PROVIDED MATERIAL:
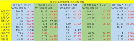 这么说是否夸大其词了?看看去年8月底,头部汽车经销商集团发布的2022年上半年财报就知道。
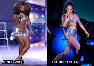 Beyoncé usou o body em um show no dia 31 de agosto de 2013. Jennifer Lopez apostou em top e hot pant em apresentação de 30 de maio do ano passado.
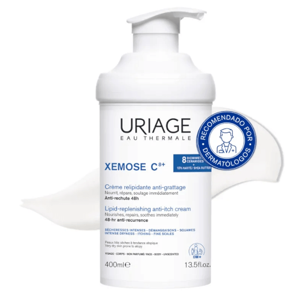 https://www.mifarma.eu/uriage-xemose-universal-emollient-cream-400ml707808627234Xemose C8+ Anti-itch Replenishing Cream 400 ml<p><span style="font-weight: 700;">Xemose C8+ Anti-itch Replenishing Cream 400 ml</span></p><p> XEMOSE C8+ anti-itch relipidizing cream repairs and soothes very dry skin prone to atopic dermatitis from the first application.</p><p> Suitable for the whole family.</p><p> It acts on the three weakened skin barriers in atopic skin: the microbial barrier, the physical barrier, and the immune barrier.<span style="white-space:pre"> </span></p><p>Formulated with 8 biomimetic ceramides, the cream increases both the quantity and diversity of ceramides in the skin.* Combined with the regenerating action of 10% shea butter, it effectively restores the physical barrier, leaving the skin intensely nourished and protected.</p><p> Increases microbiome diversity.</p><p> It acts on the immune barrier thanks to two exclusive patents from Laboratoires Dermatologiques d'Uriage: TLR2-REGUL and CHRONOXINE, which help limit itching and provide long-lasting relief.</p><p> The skin is repaired to reduce the intensity and frequency of itchy flare-ups due to dryness. Instant and long-lasting relief, with a feeling of comfort and protection. With 48h anti-recurrence**, the lipid-replenishing anti-itch cream improves the quality of life of atopic-prone skin.</p><p> Its fresh, light texture is non-greasy and non-sticky and absorbs quickly, allowing you to get dressed immediately.</p><p> Dermatologically tested on very dry, atopic-prone skin. For the whole family's skin, even the most sensitive. From birth.</p><p> *Test on skin explant</p><p> **Reduces the itching sensation</p>https://assets.atida.com/transform/7067b77b-495e-49e9-a7b2-93199bbc18ff/Xemose-C8-Crema-Relipidizante-Anti-picor-400-ml?io=transform:extend,width:250,height:25018.99instock27.4715.694213876033318.48Uriagehttps://www.mifarma.eu/media/catalog/product/3/e/1/5/3e1599ada5d03e1daa0c15eb794c50ff1a088096_Xemose_C8_Crema_Relipidizante_Anti_picor_400_ml.png/Baby and Mom/Care/Hydration/Baby and Mom/Care/Wipes and Cream/Baby and Mom/Baby and Mom/Care/Cosmetics and Beauty/Cosmetics and Beauty/Body/Cosmetics and Beauty/Body/Altered Skin/Cosmetics and Beauty/Body/Moisturizers/Mifarma Days NO2024-09-16T06:11:56+0000
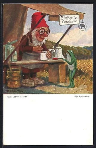 Artist postcard Paul Lothar Müller: apothecary dwarf sold to a frog

EXERCISE AIM:
Leave out the pictures and repeat exactly the lines from the first line of the data through the line containing "Beyoncé usou o". Add nothing else.

RESULT FOR THIS EXERCISE:
 这么说是否夸大其词了?看看去年8月底,头部汽车经销商集团发布的2022年上半年财报就知道。
 Beyoncé usou o body em um show no dia 31 de agosto de 2013. Jennifer Lopez apostou em top e hot pant em apresentação de 30 de maio do ano passado.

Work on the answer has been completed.